STUDY OF TEMPERATURE DEPENDENCE OF THE DEFORMATION PROPERTIES OF THERMOREACTIVE POLYURETHANE USING THERMOMECHANICAL METHOD

АННОТАЦИЯ

В этой статье образец полиуретана, был получен поликонденсацией 4,4-метилендифенилдиизоцианата и полиэфирполиола. Температурная зависимость деформационных свойств приготовленного образца полиуретана изучалась термомеханическим методом.

ABSTRACT

In this article, a polyurethane sample was obtained by polycondensation of 4,4-methylene diphenyl diisocyanate and a polyester polyol. The temperature dependence of the deformation properties of the prepared polyurethane sample was studied by the thermomechanical method.

Ключевые слова: поликонденсация, деформация, температура стеклования, температура размягчения, аморфное состояние, температура перехода на высокоэластического состояния, статическое напряжение.

Keywords: polycondensation, deformation, glass transition temperature, softening temperature, amorphous state, transition temperature to a highly elastic state, static stress.

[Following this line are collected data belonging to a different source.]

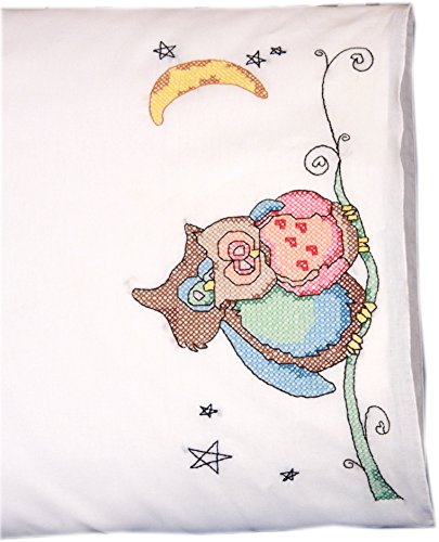 Fairway Loving Owls Stamped Parle Edge Pillowcases (2 Pack), 30" by 20"
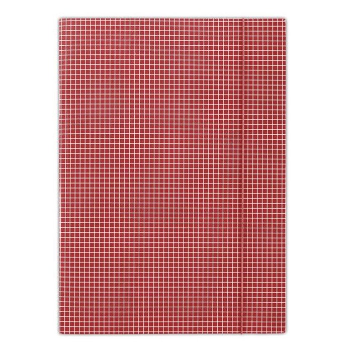 Kartonový obal vyrobený z lepenky s hmotnosťou 400g. Jednostranne potiahnutý vysoko lesklým tlačovým lakom, okrúhla vertikálna guma vo farbe obalu chráni obsah pred vykĺznutím. Károvaná potač. Formát: A4. Farba červená. Rozmery 232 x 317 mm.
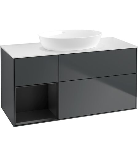 Villeroy und Boch Villeroy et Boch Finion Villeroy et Boch GA61PDHG 120cm, plaque de recouvrement blanc mat, Emotion, étagères laqué noir mat, Midnight Blue Matt Lacquer
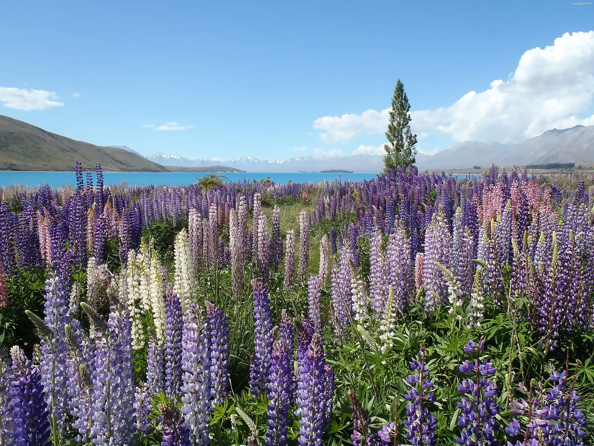Kolorowy, Góry, Lato, Łubin, Łąka, Jezioro
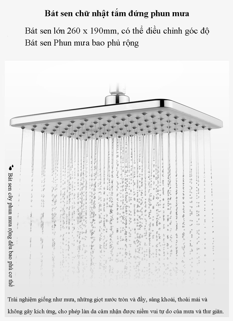 | 1. Bát sen trên cao | Kích thước 260×190mm, tia nước rộng, góc thoát nước điều chỉnh linh hoạt. |
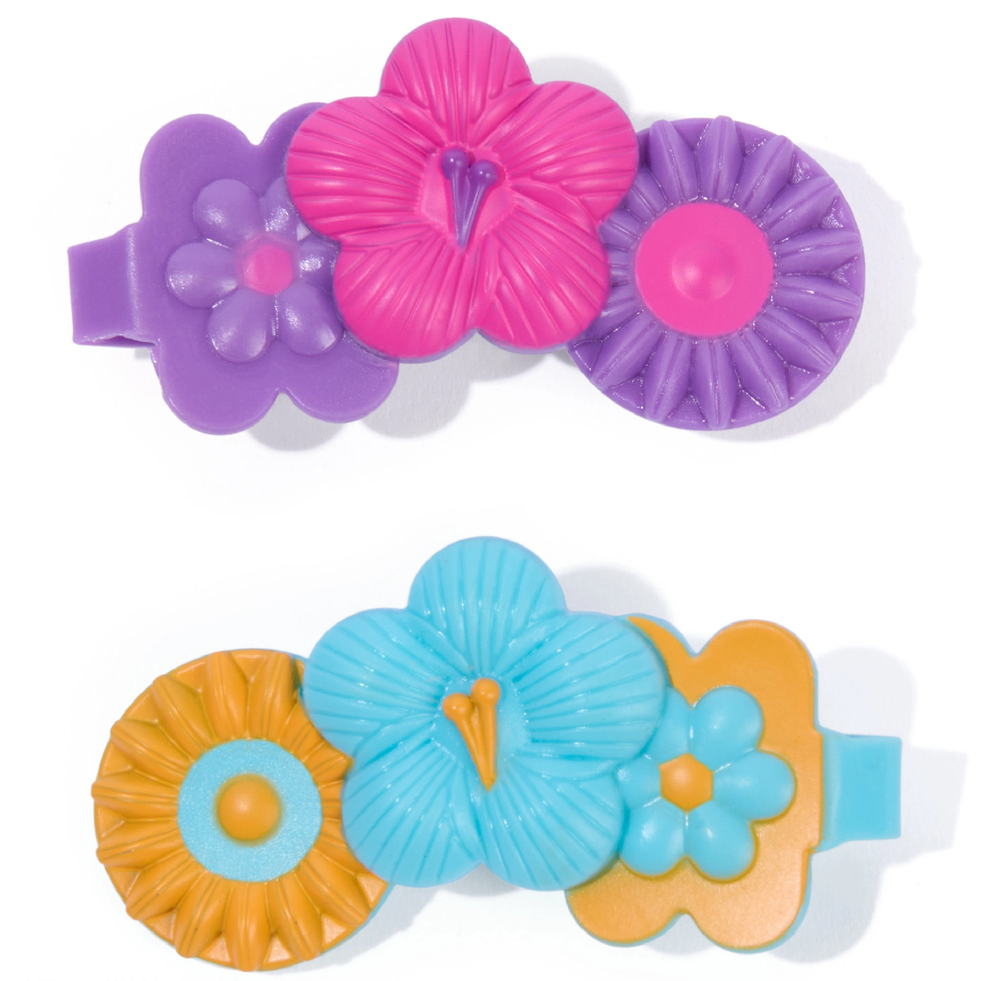Părul moale și des poate fi pieptănat și decorat cu agrafele florale incluse – ideal pentru coafuri creative și dezvoltarea motricității fine.
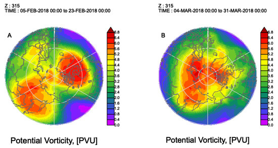 Potential vorticity (PV) at 315 K isentropic surface during (A) 5–23 February and (B) 4–31 March, 2018. The unit is PVU (1.0 PVU = 10−6 K kg−1 m2 s−2). In climatology, the 315 K isentropic surface extends from the lower stratosphere in the Arctic region to the mid-troposphere in the sub-Arctic or midlatitudes.
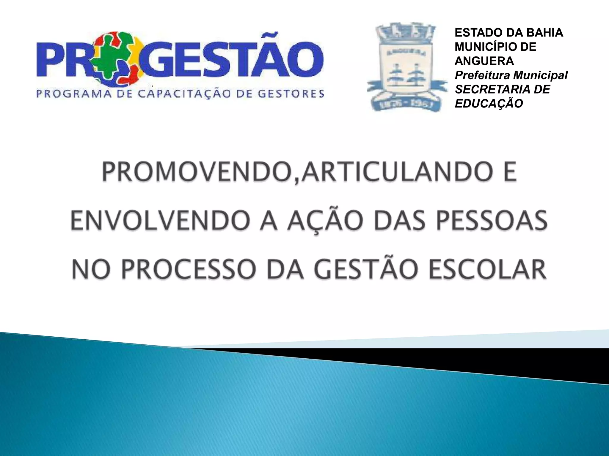 O documento discute a importância da gestão democrática nas escolas, envolvendo a participação de pais, alunos e a comunidade. Uma pesquisa mostrou que esses grupos ainda estão pouco envolvidos nas atividades da escola e desconhecem o Conselho Escolar. O projeto "Escola Sem Muralha" visa motivar professores e melhorar a interação entre a escola e a comunidade por meio de palestras, oficinas e eventos culturais.
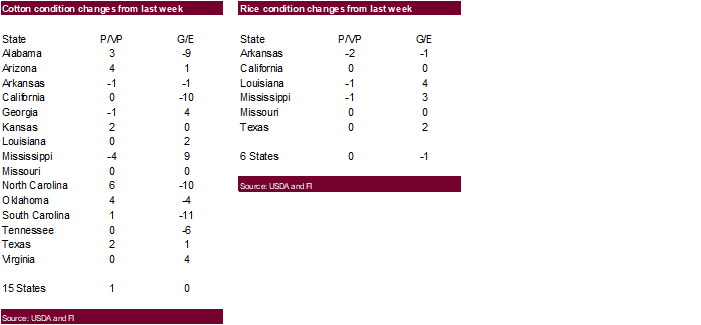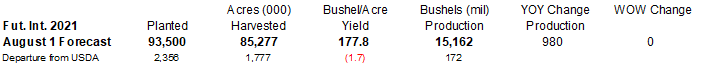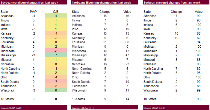soybean conditions were unchanged at 60 percent vs. 64 average. Traders were looking for a one point increase in crop conditions. We slightly lowered our US soybean yield.
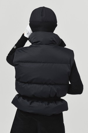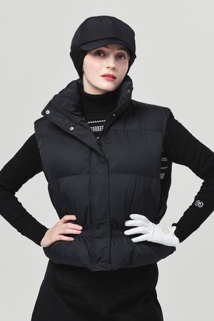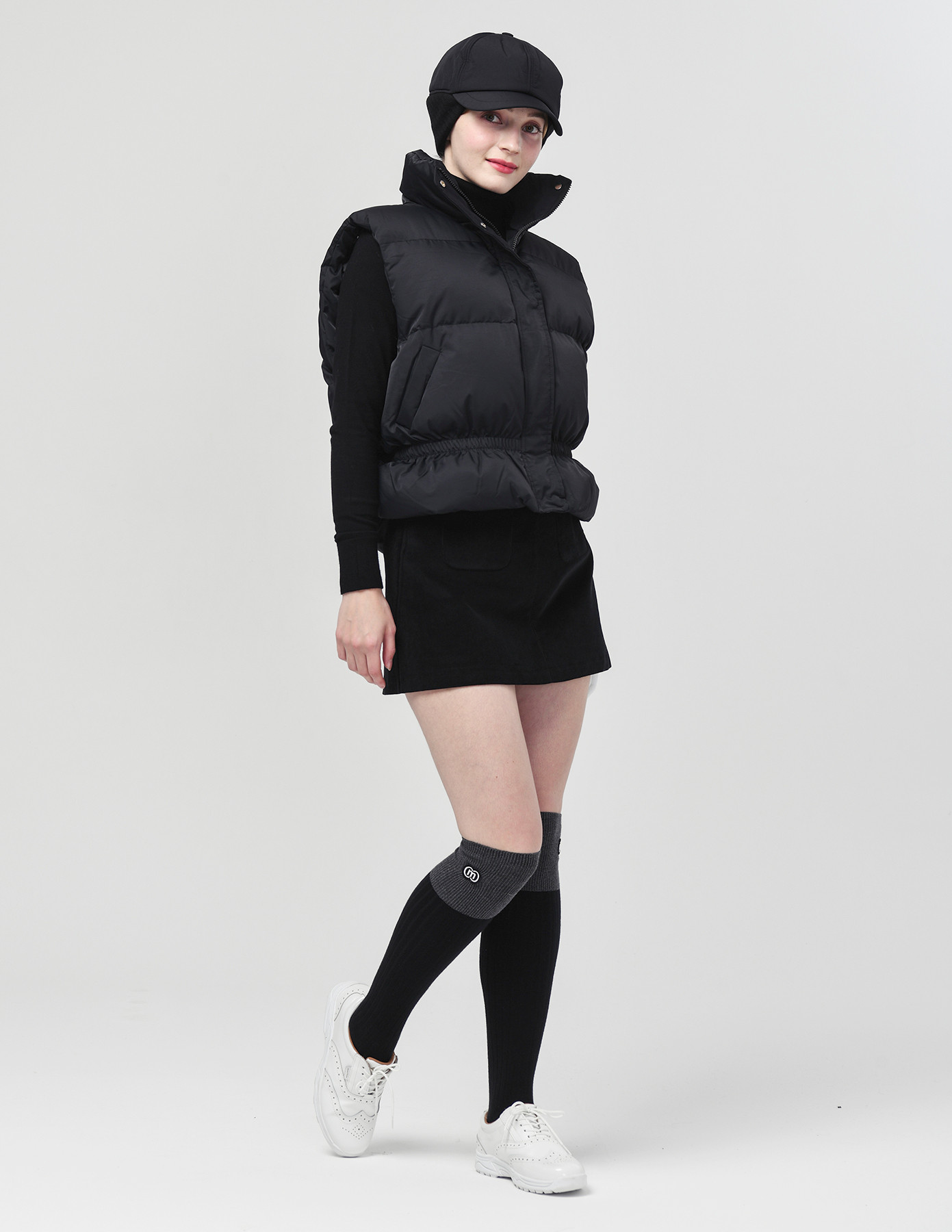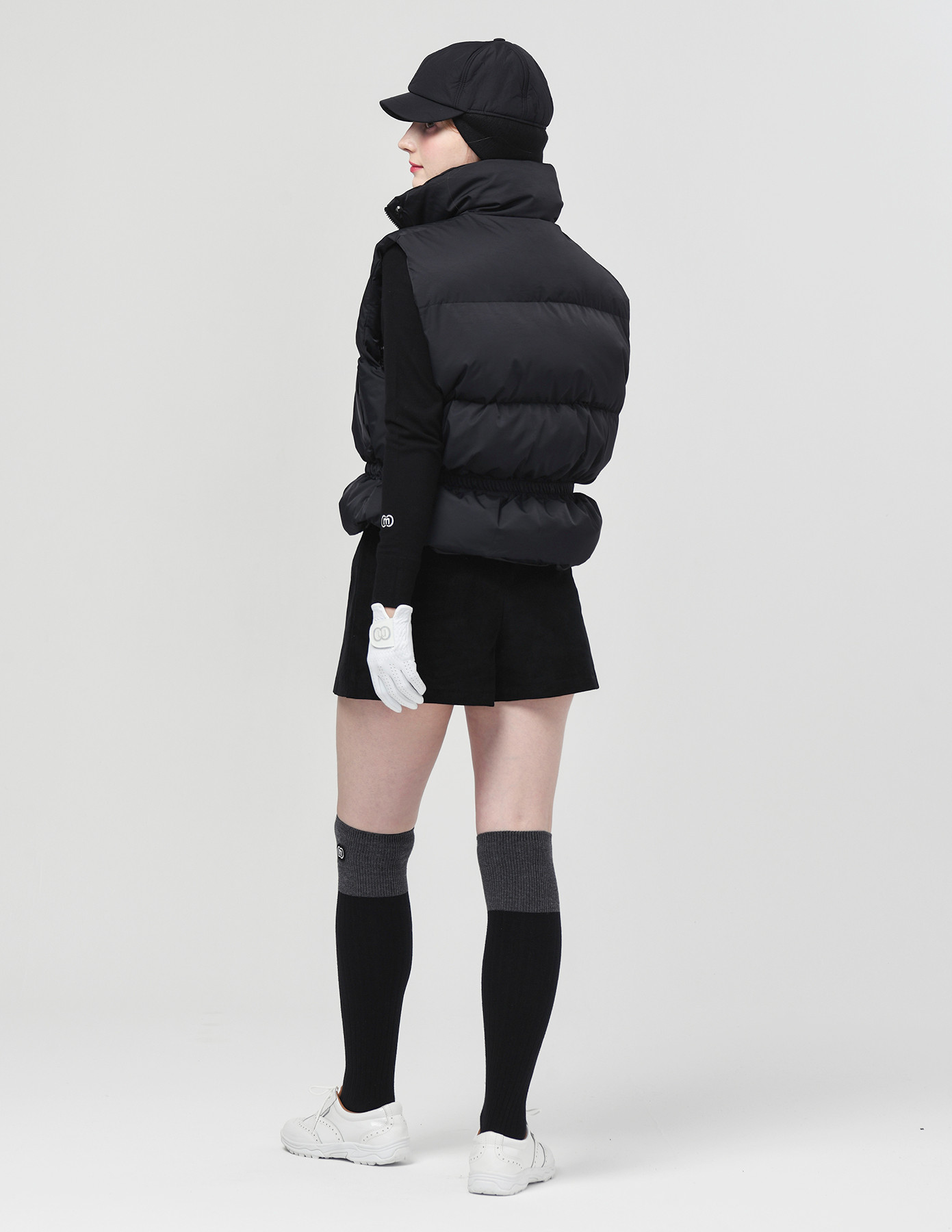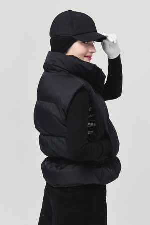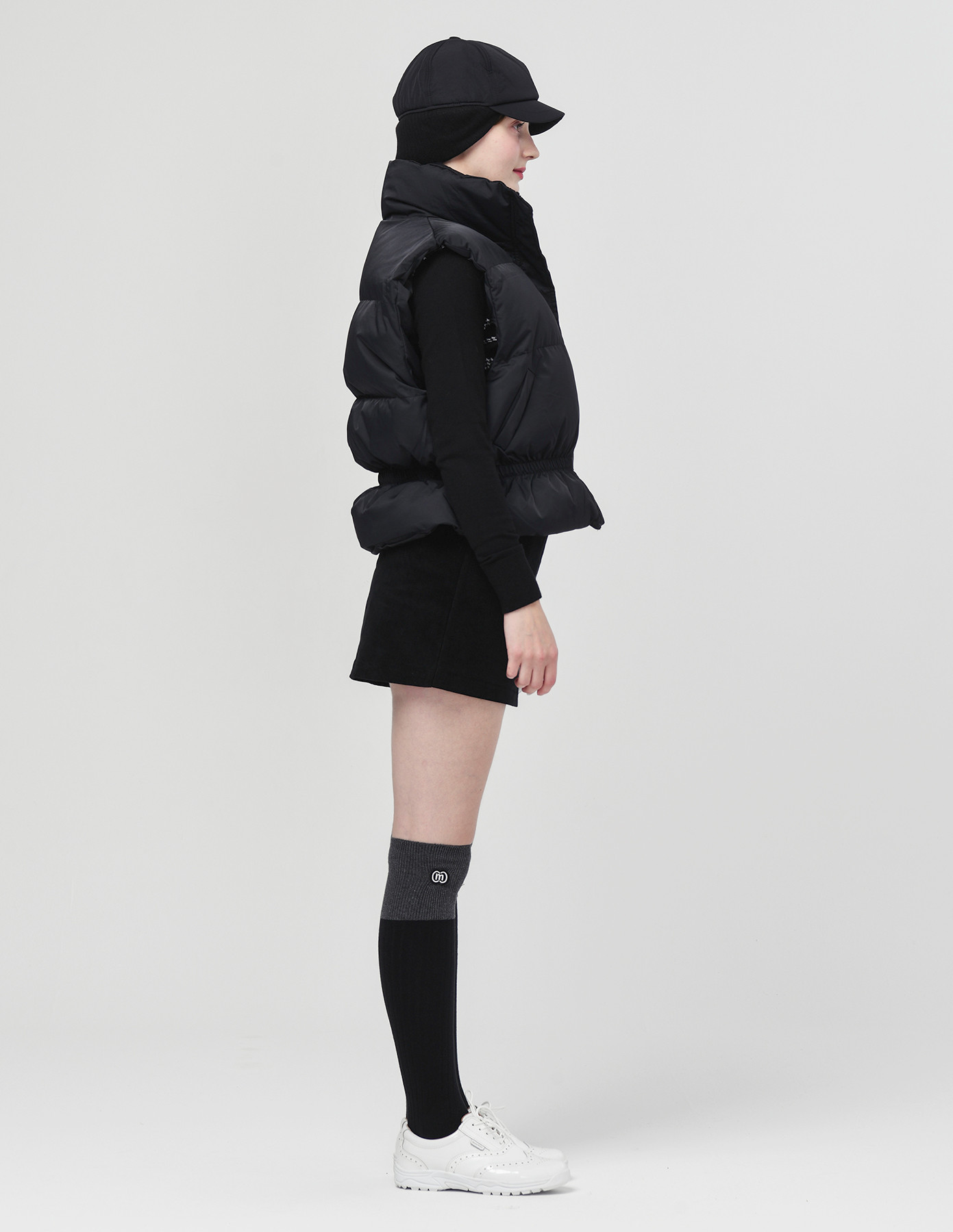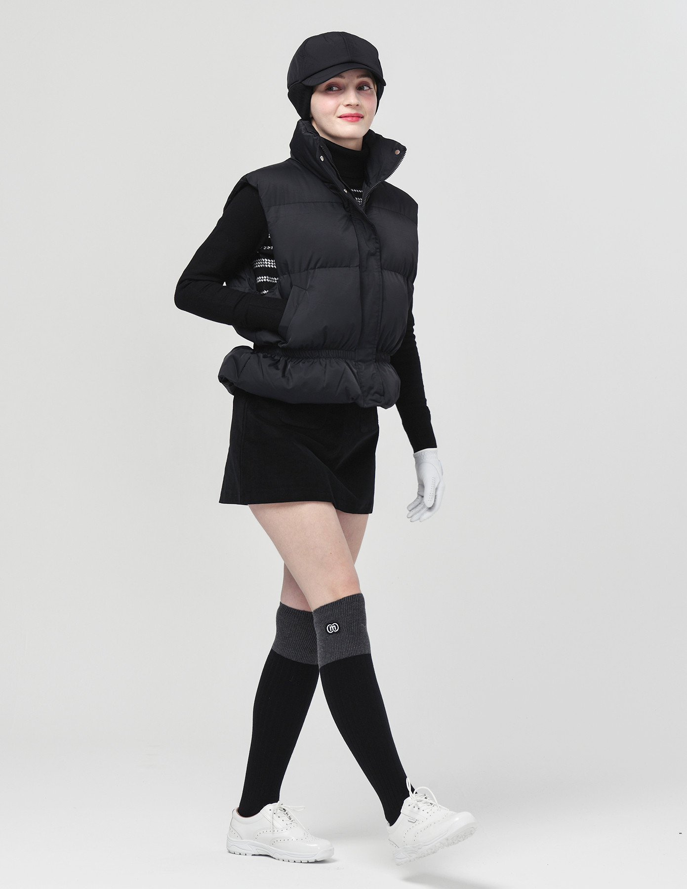 25FW 스텐드 카라 허리 밴딩 블랙 패딩 베스트
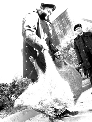 去年11月中旬,一頭大野豬帶領10多頭小野豬,穿過籃球場北面柵欄,跑到10幢那里,被屈起運發(fā)現,當時他跟另外一個同事在巡邏,手上沒帶鐵棍,兩人不敢上前追,只是用手電筒照了照,這群野豬怕人,跑了。12月28日凌晨一點左右,屈起運又在籃球場碰到一頭100多斤的野豬。
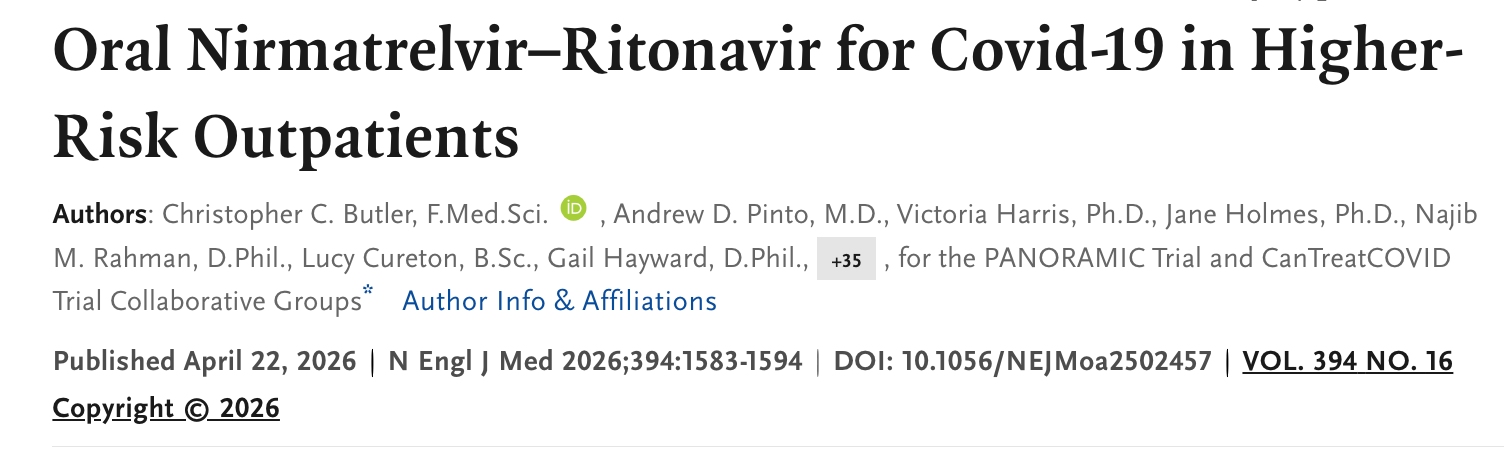 The NEJM manuscript published last week included results of the British PANORAMIC and Canadian CanTreatCOVID trials. Both enrolled higher risk older patients with a coexisting condition who tested positive for SARS-CoV-2 and had been unwell for 5 days or less.
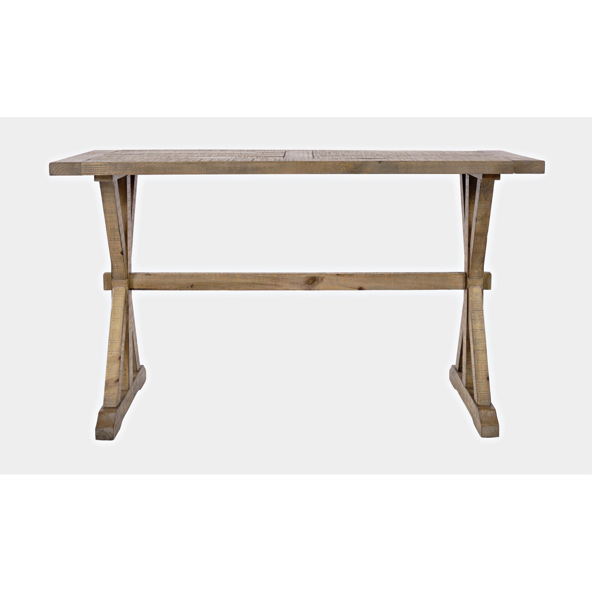 Rustic Solid Pine On A Farmhouse Pedestal And Trestle Base Creates The Perfect Blend Of Classic And Modern Style With The Carlyle Crossing Sofa Table. The Base With Cross-Beam Supports Are Naturally Distressed With Plenty Of Character, And A Table Top With A Unique Framed Corner Design Adds A Little Farmhouse Flair To Your Home.

Introduction. Today, polymeric materials are widely used in all areas of the country's real economy . One of these main areas is the mining and metallurgical industry, which uses various pumps operating in aggressive environments. Polyurethane materials are used to increase the wear resistance of continuously operating pump parts [1]. These coating parts wear out after a certain period of time due to wear and are replaced with new polyurethane coatings. At the Navoi Mining and Metallurgical Combine (NMMC), 80-100 tons of polyurethane material is accumulated as waste annually. The processing of these resulting wastes, as well as the study of the physical and mechanical properties of the processed polyurethane material, are relevant [2]. In the production of parts with high properties, it is desirable to use thermosetting polymers. The main factor in the production of a polymeric material of complex composition is a plasticizer, which forms the basis of the polymer. At present, plasticizers are used to produce polymers and polymer composites with high physicochemical properties. These include, for example, polyolpolyisocyanates, polycarbonate polymers, epoxyurethane-based polymers, and other thermosetting polymers [3,4]. These 4,4-methylenediphenyl-diisocyanate-containing thermosetting polyurethanes also have a three-component network macromolecular structure, high temperature, chemical attack, deformation resistance and resistance to aggressive environments compared to thermoplastic polymer materials. In addition, it is convenient to obtain various components from liquid thermosetting polyurethanes [5, 6].

Research object. Based on the collected data from the literature review, the stated goal of this study is to study the thermomechanical properties of polyurethane based on 4,4-methylenediphenyl diisocyanate and polyester polyol.

Table 1 lists the production parameters for the thermoset polyurethane material. Polyurethane with this composition is used for lining internal walls of pumps pumping acid solutions, for a panel of sieves, as well as vibration damping bricks [7].

Table 1.

Synthesis of polyurethane material

Based on the values given in Table 1, a polyurethane sample was prepared and the thermomechanical properties of this sample were studied [ 8 , 9 ].

Methods and materials

Amorphous polymers, in addition to the state of glass transition and fluidity, also have a state of high elasticity, not found in other polymers. The state of high elasticity, fluidity, and the glassy state of the polymers were determined according to GOST 270-75 and GOST 32618.2-2014 on an RMI-60 testing machine [10] .

Results and discussion . The transition interval of a polyurethane sample from one state to another under the influence of various temperatures was determined by the thermomechanical method. The studies were carried out with the help of experiments, special devices, tools, as a result of which a graph of the temperature dependence of the deformation was built.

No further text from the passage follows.